┌─ INPUT MATERIAL

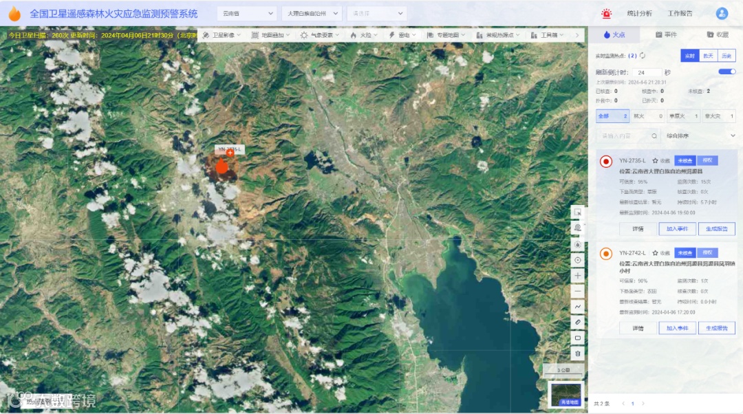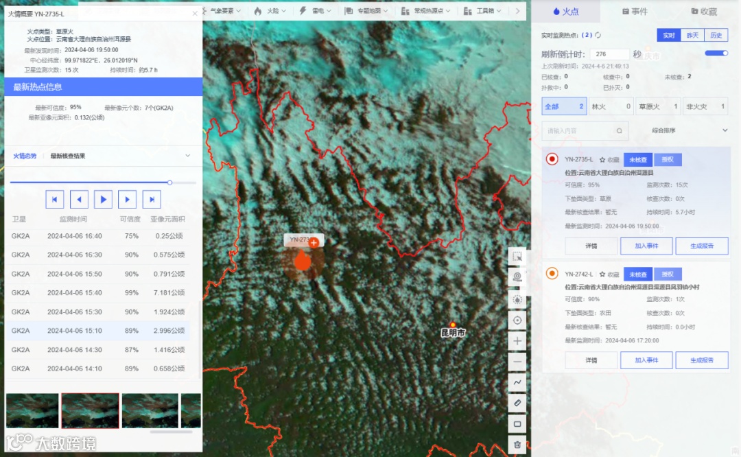 天象新亚旗下卫星遥感森林火灾应急监测预警平台最早于4月6日下午14时由静止卫星GK2A率先在云南省大理白族自治州洱源县凤羽镇发现火情,标注火灾发生地点,同时启动应急遥感监测,截止至4月6日晚22时连续监测15个时次,火灾持续6个小时,在卫星监测同时,调用火场地点周边气象资料、地形等信息,形成了火场区位遥感影像图和火情监测图。
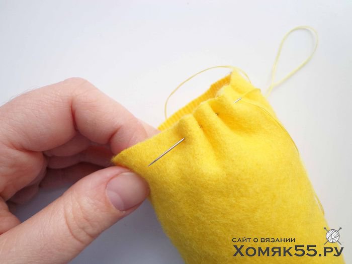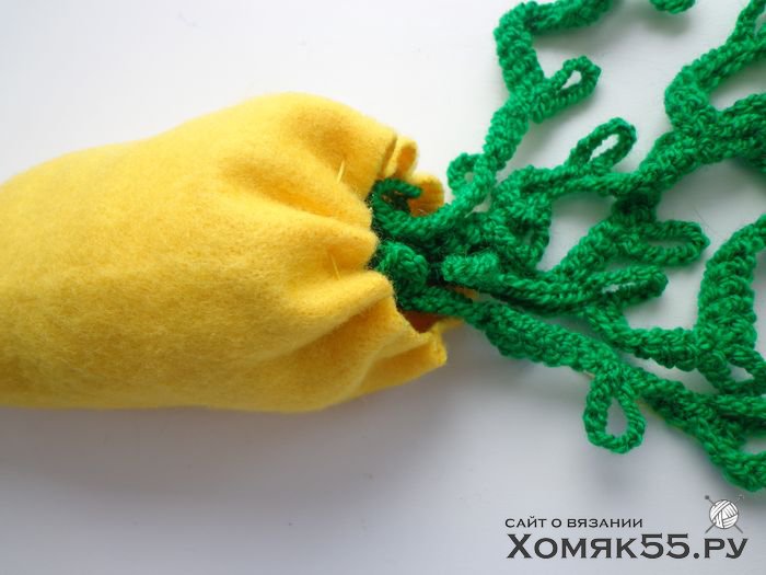 Слегка стягиваем нить, но оставляем небольшое отверстие, в которое вставляем связанные хвостики для морковки.
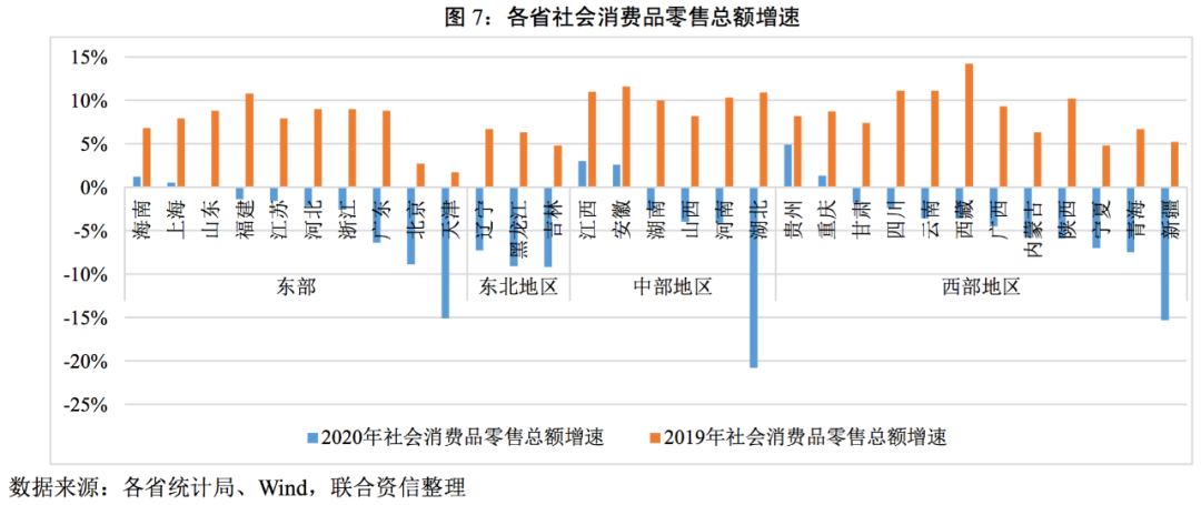 2020年全國31個省份中僅6個省份實現(xiàn)正增長,且全部尚未恢復(fù)至2019年的消費水平。貴州、江西、安徽等省份消費增速延續(xù)了2015年以來的名列前茅,其GDP增速表現(xiàn)也較為優(yōu)異,主要是其近幾年發(fā)展的優(yōu)勢新興產(chǎn)業(yè)發(fā)展較快,如貴州的電子元件、江西的半導(dǎo)體以及安徽的芯片、半導(dǎo)體以及人工智能等,帶動了經(jīng)濟(jì)的發(fā)展從而促進(jìn)居民的消費能力提升。分區(qū)域看,東部、中部以及西部地區(qū)消費增速分化明顯,而東北地區(qū)消費增速排名整體較為靠后。
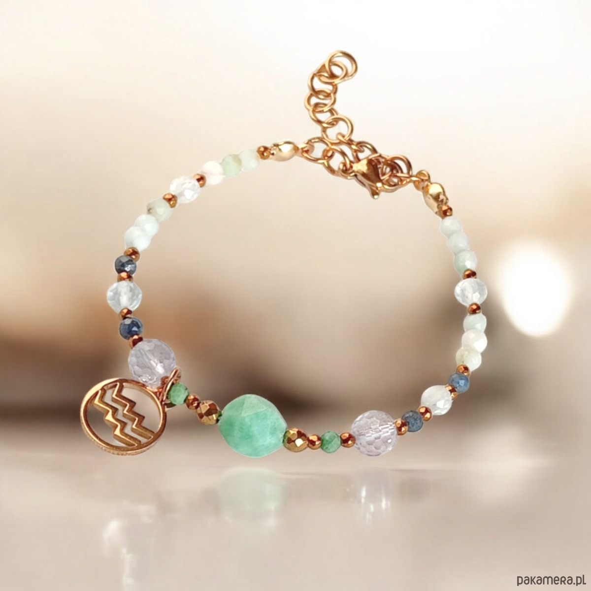 UŻYTE KAMIENIE (wielkość od 3 do 8,5mm) : amazonit, kryształ górski, ametyst, turkus, szafir, hematyt złoty.
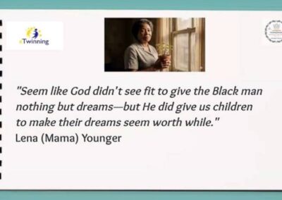 Završetak projektnoga rada dobiva posebnu simboličku vrijednost upravo sada, u veljači, tijekom Mjeseca afroameričke povijesti. Završni sastanak, na kojemu su učenici i nastavnici predstavili rezultate svoga rada i sudjelovali u evaluaciji projekta, dodatno je naglasio važnost razumijevanja (ne samo) afroameričkoga kulturnoga i povijesnoga nasljeđa. Drama A Raisin in the Sun snažno progovara o iskustvu afroameričke obitelji suočene s rasnom diskriminacijom, društvenim nejednakostima i borbom za dostojanstvo i ostvarenje snova. Time ovaj projekt nadilazi književnu analizu i postaje doprinos obilježavanju Mjeseca afroameričke povijesti, potičući učenike na promišljanje o osobnome identitetu i kulturno-povijesnome nasljeđu, jednakosti, ljudskim pravima i važnosti interkulturalnoga razumijevanja. Završna prezentacija i evaluacija stoga ne predstavljaju samo zaključak projekta, nego i svjesno uključivanje u širi društveni i obrazovni kontekst koji naglašava vrijednost raznolikosti, tolerancije i poštovanja prema različitim kulturama i povijesnim iskustvima, ali i osobnim snovima.
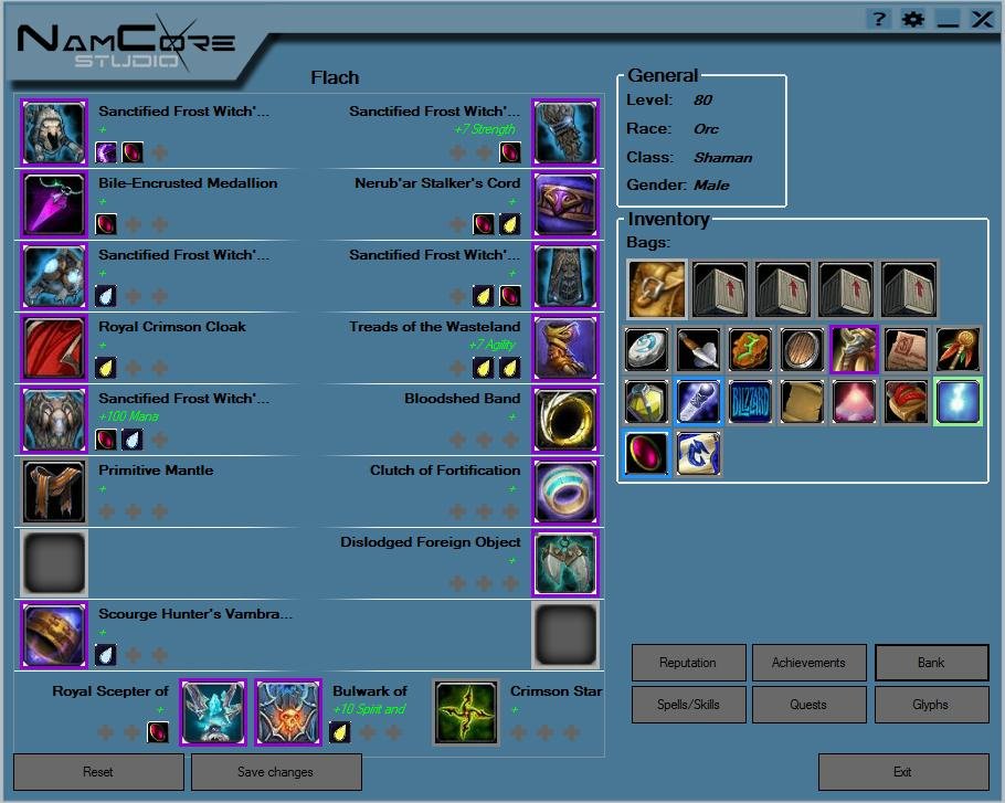 Namcore Studio provides a professional environment to manage account and character data of your World of Warcraft Server. While supporting almost all popular emulators/cores, this easy-to-use application allows you to:

└─

_PROMPT_
Transcribe the entries above exactly, from their first line through the line with "Слегка стягиваем нить, но", and omit all pictures.

_OUTPUT BELOW_
 天象新亚旗下卫星遥感森林火灾应急监测预警平台最早于4月6日下午14时由静止卫星GK2A率先在云南省大理白族自治州洱源县凤羽镇发现火情,标注火灾发生地点,同时启动应急遥感监测,截止至4月6日晚22时连续监测15个时次,火灾持续6个小时,在卫星监测同时,调用火场地点周边气象资料、地形等信息,形成了火场区位遥感影像图和火情监测图。
 Слегка стягиваем нить, но оставляем небольшое отверстие, в которое вставляем связанные хвостики для морковки.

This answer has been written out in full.